1. sph_to_cartesian(theta: float, phi: float)
-> numpy.ndarray[dtype=float32, shape=(3)]
Convert from spherical to cartesian coordinates [scalar version]
2. sph_to_cartesian(theta: numpy.ndarray[dtype=float32, shape=(8)],
phi: numpy.ndarray[dtype=float32, shape=(8)])
-> numpy.ndarray[dtype=float32, shape=(8, 3)]
Convert from spherical to cartesian coordinates [packet version]
3. sph_to_cartesian(theta: numpy.ndarray[dtype=float32, shape=(n)],
phi: numpy.ndarray[dtype=float32, shape=(n)])
-> numpy.ndarray[dtype=float32, shape=(n, 3)]
Convert from spherical to cartesian coordinates [dynamic version]
FILE
/Users/wjakob/pybind11_test/pybind11_test.cpython-35m-darwin.so
As can be seen, the help describes all three overloads along with the name and shape of their input arguments. Let’s try calling one of them:
>>> from pybind11_test import sph_to_cartesian
>>> sph_to_cartesian(theta=1, phi=2)
array([-0.35017547, 0.76514739, 0.54030228], dtype=float32)
Note how the returned Enoki array was automatically converted into a NumPy array.
Let’s now call the dynamic version of the function. We will use np.linspace
to generate inputs, which actually have an incorrect dtype
of
np.float64
. The binding layer detects this and automatically creates a
temporary single precision input array before performing the function call.
>>> import numpy as np
>>> sph_to_cartesian(theta=np.linspace(0.0, 1.0, 10),
... phi=np.linspace(1.0, 2.0, 10))
array([[ 0. , 0. , 1. ],
[ 0.04919485, 0.09937215, 0.99383354],
[ 0.07527862, 0.20714317, 0.9754101 ],
[ 0.07696848, 0.31801295, 0.9449569 ],
[ 0.05418137, 0.42652887, 0.90284967],
[ 0.00803789, 0.52735412, 0.84960753],
[-0.05919253, 0.61553025, 0.7858873 ],
[-0.14420365, 0.68672061, 0.71247464],
[-0.24281444, 0.73742425, 0.63027501],
[-0.35017547, 0.76514739, 0.54030228]], dtype=float32)

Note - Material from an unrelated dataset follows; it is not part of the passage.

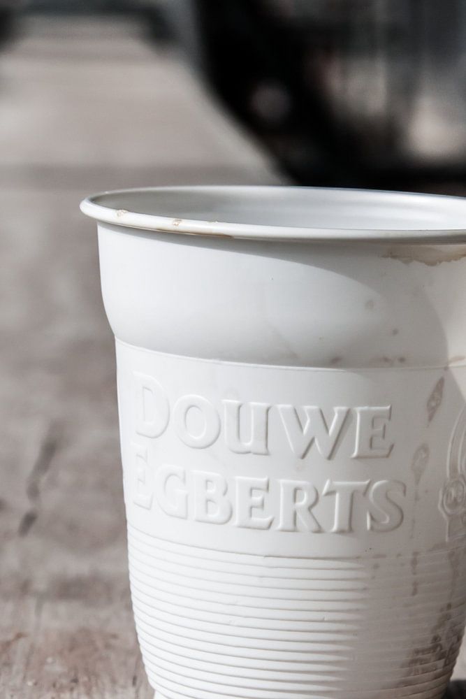 Op een stijger bij de bouwplaats hadiemand zijn kopje koffie laten staan. Het bekertje was al leeg, de pauze was dan ook al voorbij.
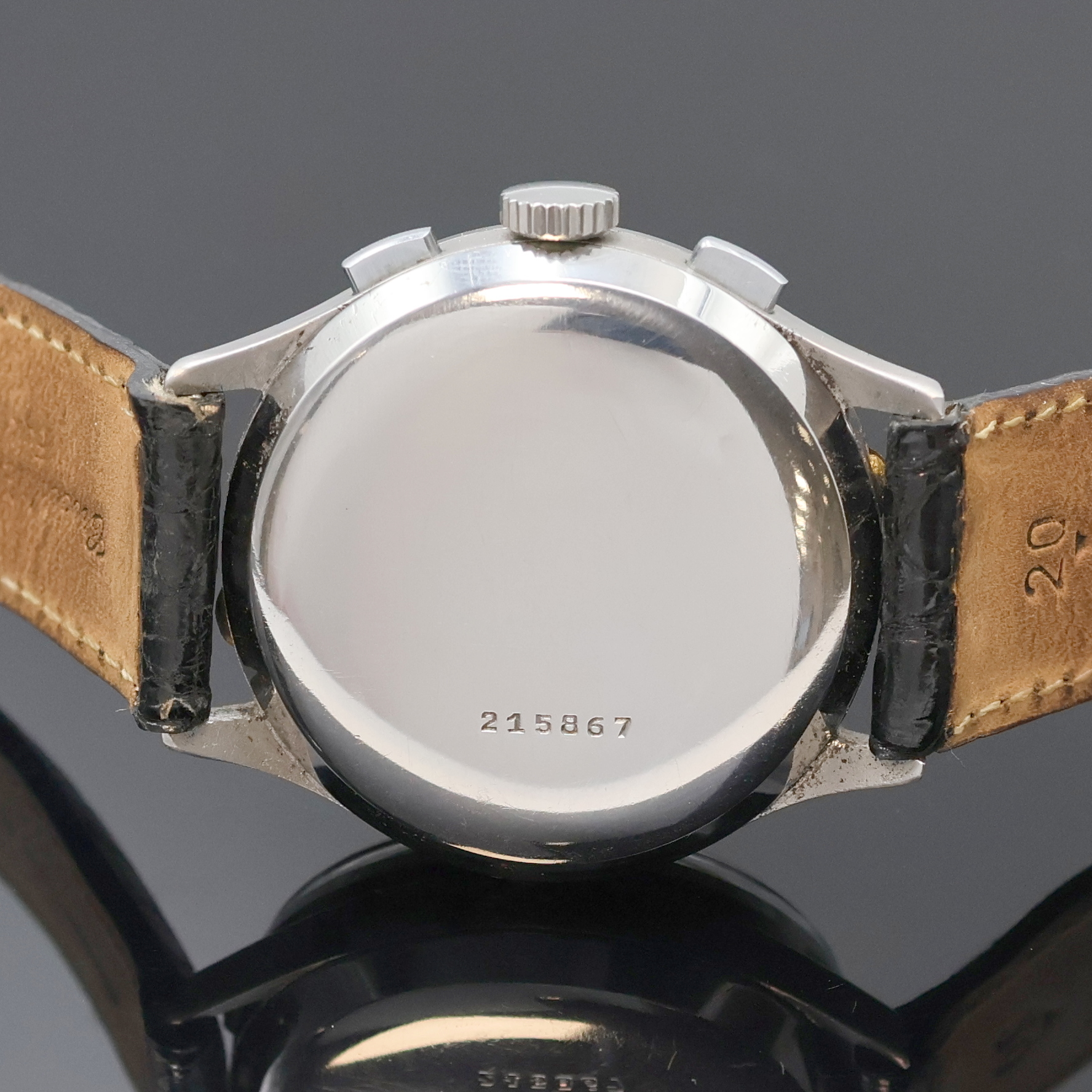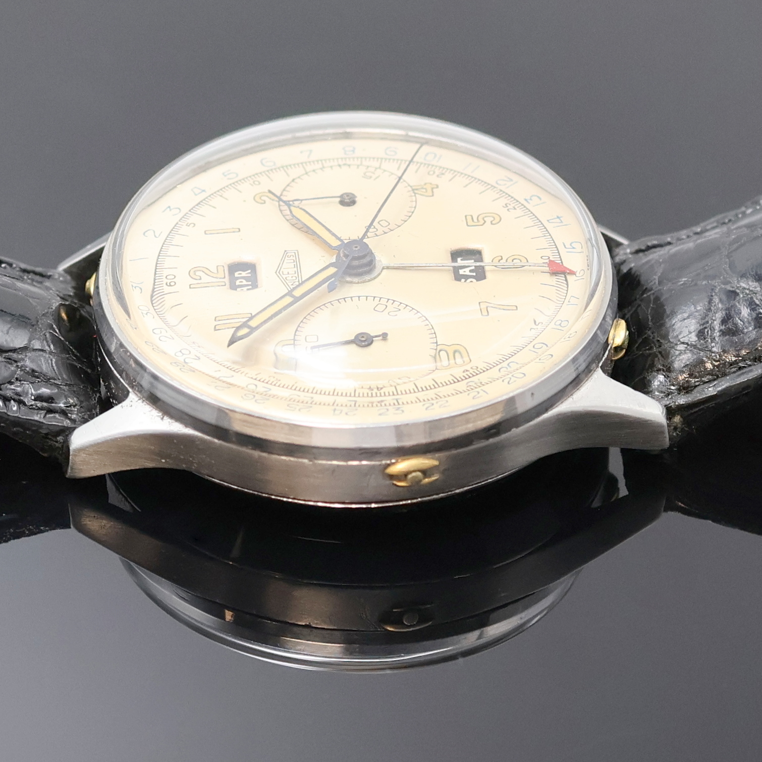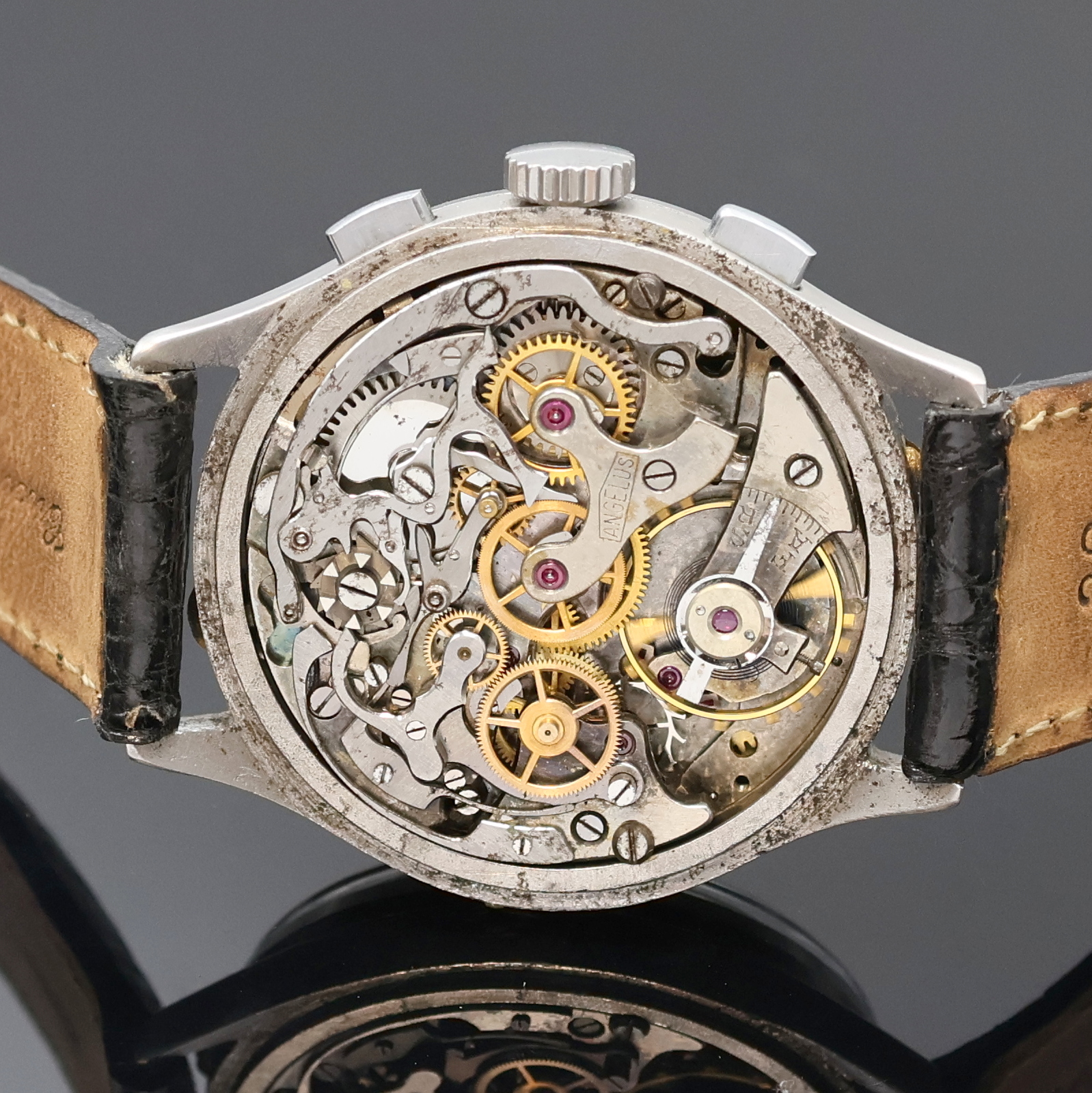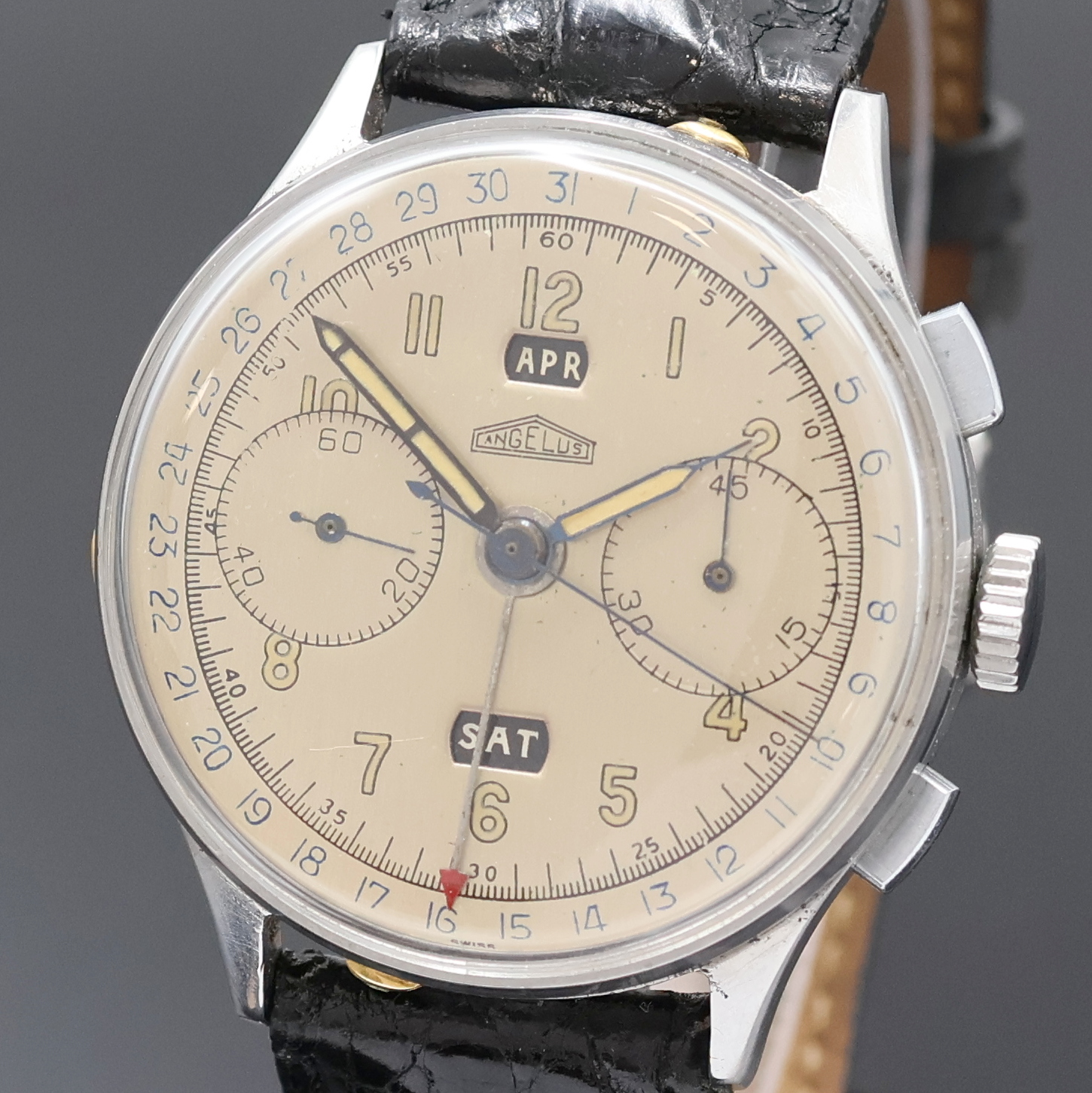 ANGELUS Schaltradchronograph Chronodato, Schweiz 1940er Jahre, Handaufzug, unsign. Edelstahlgeh., Boden und Glasrand aufgedr., vers. Zifferblatt rest., Anz. v. Std., Min., kl. Sek., Tag, Datum u. Monat, Korrekturdr. im Geh. eingel., 17 St., Basiskal. 215, Schr.- Unr., Breg.-Spir., noch ohne Stoßs., Nutzsp. altersbed., Überh. empf., EZ 2-3, aus Sammlungsauflösung

The following CMakeLists.txt
file can be used to build the module on
various platforms.
cmake_minimum_required (VERSION 2.8.12)
project(pybind11_test CXX)
include(CheckCXXCompilerFlag)
# Set a default build configuration (Release)
if (NOT CMAKE_BUILD_TYPE AND NOT CMAKE_CONFIGURATION_TYPES)
message(STATUS "Setting build type to 'Release' as none was specified.")
set(CMAKE_BUILD_TYPE Release CACHE STRING "Choose the type of build." FORCE)
set_property(CACHE CMAKE_BUILD_TYPE PROPERTY STRINGS "Debug" "Release"
"MinSizeRel" "RelWithDebInfo")
endif()
# Enable C++14 support
if (CMAKE_CXX_COMPILER_ID MATCHES "GNU|Clang|Intel")
CHECK_CXX_COMPILER_FLAG("-std=c++14" HAS_CPP14_FLAG)
if (HAS_CPP14_FLAG)
set(CMAKE_CXX_FLAGS "${CMAKE_CXX_FLAGS} -std=c++14")
else()
message(FATAL_ERROR "Unsupported compiler -- C++14 support is needed!")
endif()
endif()
# Assumes that pybind11 is located in the 'pybind11' subdirectory
add_subdirectory(${CMAKE_CURRENT_SOURCE_DIR}/pybind11)
# Assumes that enoki is located in the 'enoki' subdirectory
add_subdirectory(${CMAKE_CURRENT_SOURCE_DIR}/enoki)
# Enable some helpful vectorization-related compiler flags
enoki_set_compile_flags()
enoki_set_native_flags()
include_directories(enoki/include pybind11/include)
# Compile our pybind11 module
pybind11_add_module(pybind11_test pybind11_test.cpp)
Please refer to pybind11’s extensive documentation. for details on
using it in general. The enoki/python.h
API only provides one public
function:
Func
>vectorize_wrapper
(Func func)¶“Converts” a function that takes a set of packets and structures of packets as inputs into a new function that processes dynamic versions of these parameters. Non-array arguments are not transformed. For instance, it would turn the following hypothetical signature
FloatP my_func(Array<FloatP, 3> position, GPSRecord2<FloatP> record, int scalar);
into
FloatX my_func(Array<FloatX, 3> position, GPSRecord2<FloatX> record, int scalar);
where
using FloatX = DynamicArray<FloatP>;
This is handy because a one-liner like
vectorize_wrapper(sph_to_cartesian<FloatP>)
in the above example is all
it takes to take a packet version of a function and expose a dynamic
version that can process arbitrarily large NumPy arrays.